Incentives can take almost any form. The pertinent assessment in designing an incentive policy for employees is what type of motivator will encourage or reward behavior without encouraging bad habits. Encouraging behavior by providing an incentive can have the negative effect of creating a response that teaches employees not to do their best work unless they are incentivized. In that case, a company would have a workforce that is unhappy with its base salary and inclined to go beyond the strict parameters of a job description only when exceptionally compensated. The company is then trapped in a cycle that ultimately limits the company’s ability to maximize its human resources.
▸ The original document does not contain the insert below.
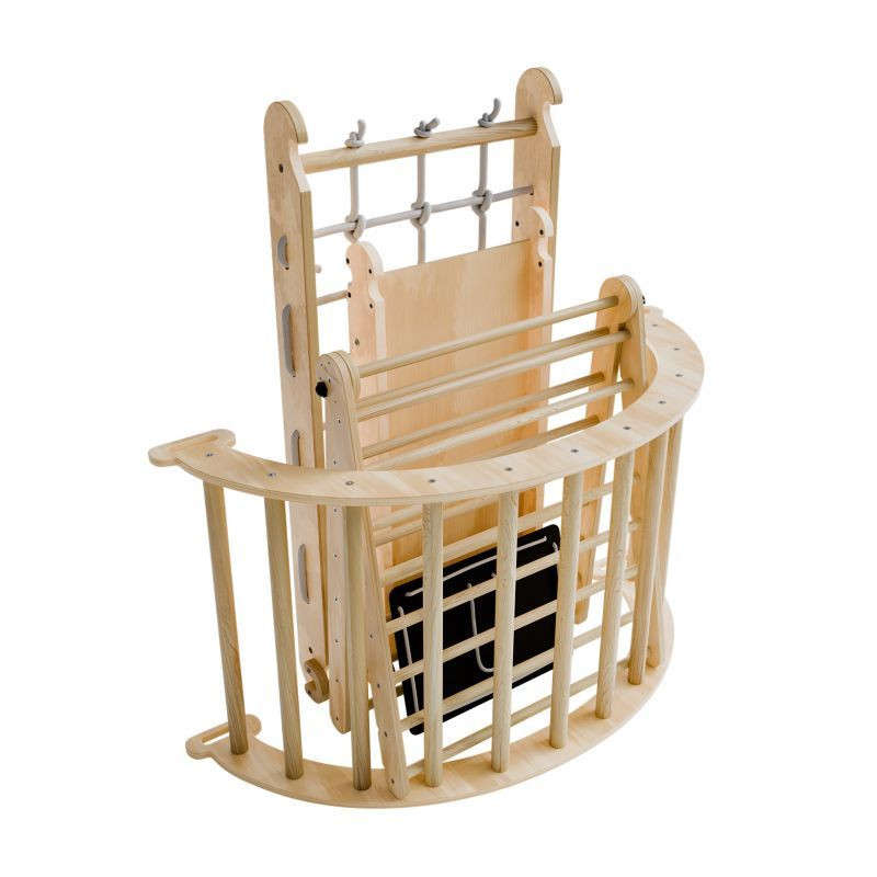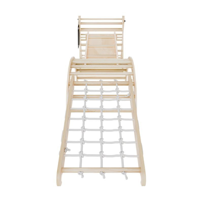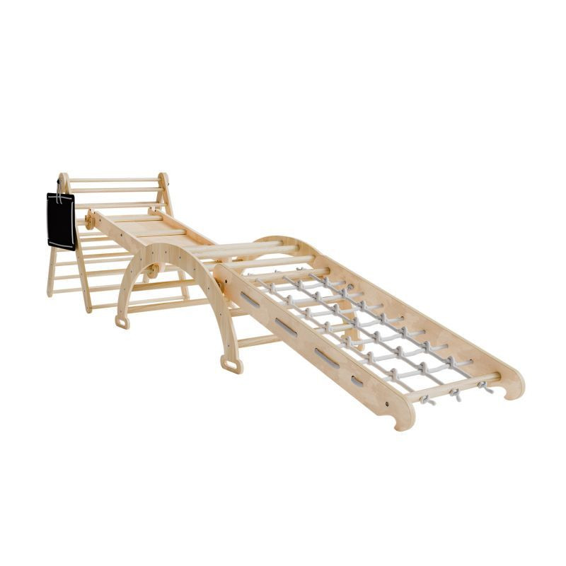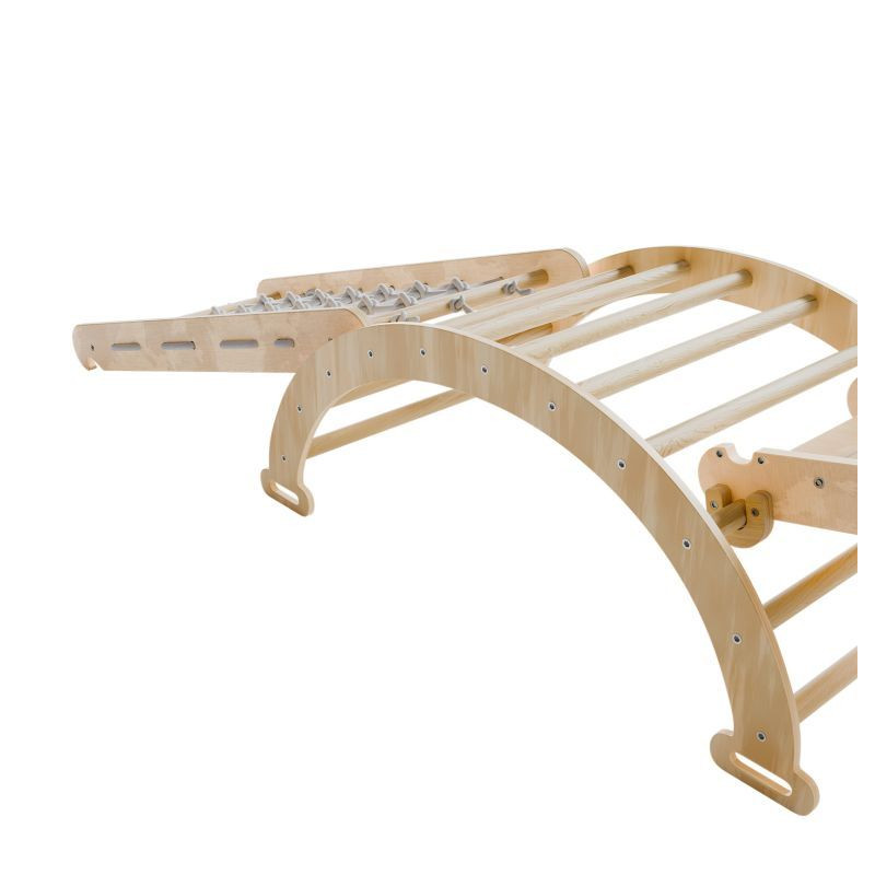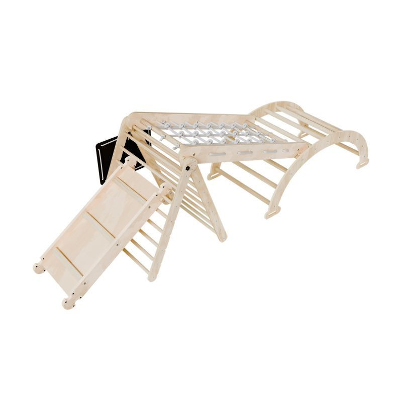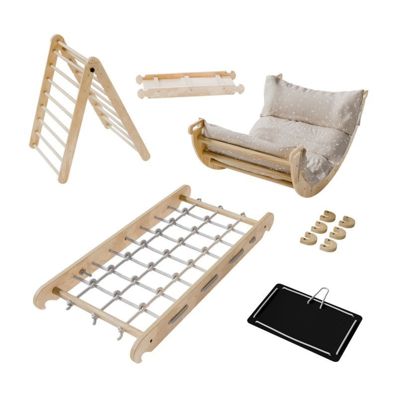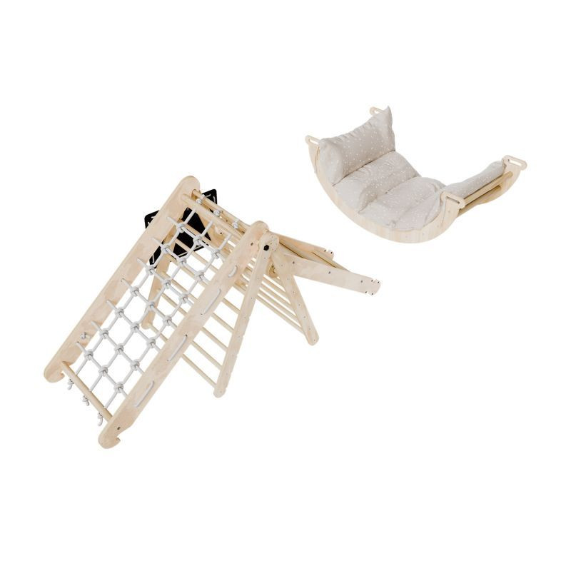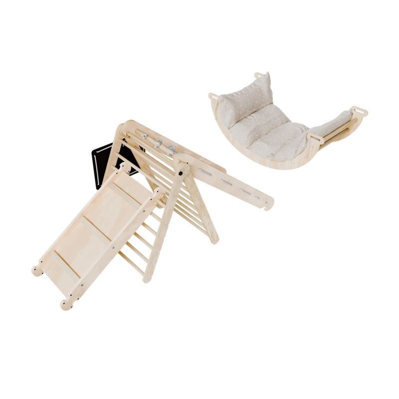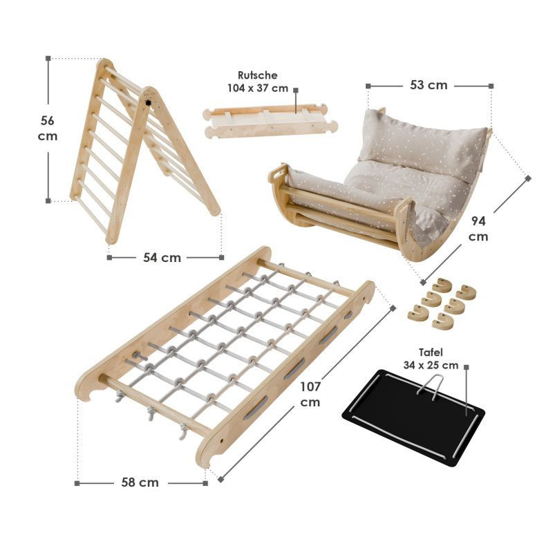 Konštrukcia je vyrobená z kvalitného borovicového dreva a preglejky, ktoré zaisťujú stabilitu a dlhú životnosť. Každý prvok unesie až 50 kg a vďaka modulárnemu prevedeniu je možné jednotlivé časti ľahko kombinovať aj prispôsobovať priestoru. Pohodlný bavlnený vankúš spríjemní hojdanie, zatiaľ čo praktická tabuľka dáva priestor na kreatívne vyjadrenie. Sada je určená na vnútorné použitie a pri hre sa odporúča umiestniť pod konštrukciu mäkkú podložku pre maximálnu bezpečnosť.

The three typical general categories of incentives in the employment context are financial incentives, recognition-based incentives, and specialty awards. Financial incentives reward work performance with a financial gain, such as an end of the year bonus or stock options. Recognition-based incentives replace a pay-for-performance paradigm with one that is based on a prestige factor, such as an employee-of-the-month program or a special parking spot. Specialty awards tend to happen on an ad hoc basis, rather than according to a precise schedule or announced program, and result in the employee receiving something unique, like tickets to a ball game or the use of the company vacation property.
Not all incentives are designed to benefit a company’s bottom line. A company can also design an incentive policy to achieve outcomes other than an increase in work productivity. Some companies make it a goal to encourage their employees to adopt healthier behavior or to volunteer through the company’s community engagement program. In order to encourage workers to make these sorts of lifestyle changes, the company might offer any type of special incentive.
If a company has a human resources department, it is typically responsible for designing and managing the company’s incentive policy, unless the incentive is financial and tied strictly to a financial barometer, such as sales. Creatively designing incentives can make the difference between a happy and engaged workforce and one that is disengaged. Incentive policies are always subject to a cost-benefit analysis, however, both in the specific results obtained and the type of work atmosphere encouraged as a result of their availability.